By Allison McLellan
From mechanical to tissue engineering, bone regeneration, genomics, and microbiology, Dr. Max Villa has a wide range of engineering experience. The UConn MSE alumnus is now a postdoctoral associate at the Duke University Medical Center where he develops platform technology for high throughput microbiology.
Directed by Dr. David Lawrence, the laboratory is a multidisciplinary team of engineers, biologists, and computational scientists focusing on the human microbiome and how it impacts human health. His current work involves identifying new and crucially needed antibiotics, allowing Dr. Villa to learn new genomics and computational biology skills.
With an initial concentration in mechanical engineering, Dr. Villa had received his B.S. and M.S. from UConn by 2009, assisting in undergraduate and graduate research over the six years. One recommendation the Postdoctoral Associate stresses for current UConn engineering students is to get involved with their own projects as soon as possible—there are opportunities in research labs, clubs, internships, or even independent projects. With his experience garnered at the University, he was able to briefly enter the medical device industry with Covidien and generate new intellectual property with a novel electrospinning device.

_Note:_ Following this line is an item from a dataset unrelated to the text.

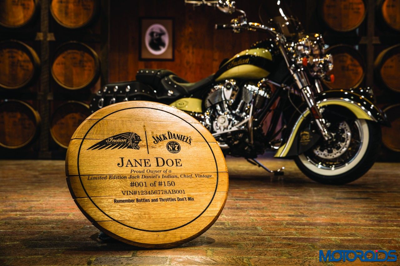 Created to celebrate the 150th anniversary of the Jack Daniel distillery, each model will be produced in limited numbers, not more than 150 to be precise. The first of the limited edition series, an Indian Chief Vintage that was a custom painted prototype built by Klock Werks Kustom Cycles, would go under the hammer.

Motivated by the training record of his role models at Covidien, Dr. Villa realized the need to undertake more advanced scientific training. During his Master’s studies, he had learned about the applications of tissue engineering and was impressed with the field’s potential impact, motivating him to pursue it.
As a doctoral student, he was made a GAANN Predoctoral Fellow, a program that supported him in the majority of his studies. He became involved with Dr. Mei Wei’s lab in tissue engineering through the Materials Science and Engineering Department, where he conducted research on biomaterials and tissue engineering for bone repair.
Professor Mei Wei, also Associate Dean for Research and Graduate Education, played a critical role in Dr. Villa’s academic career. He says, “She is still an active supporter of my academic work; in fact she very recently wrote a letter of support for a grant proposal I submitted. Most importantly however, Dr. Wei provided me with the mentorship, resources, and support to do top-notch science in a highly multidisciplinary field.”
Recently, Dr. Villa collaborated as lead-author on an article with Professor Wei. In conjunction with Dr. Liping Wang (M.D.), Dr. Jianping Huang (M.S.), and Dr. David W. Rowe (M.D.), it was published in the biomedical journal Tissue Engineering in November 2013, entitled “Visualizing Osteogenesis In Vivo Within a Cell–Scaffold Construct for Bone Tissue Engineering Using Two-Photon Microscopy.” A research image from Dr. Villa’s work was featured on the cover of the issue.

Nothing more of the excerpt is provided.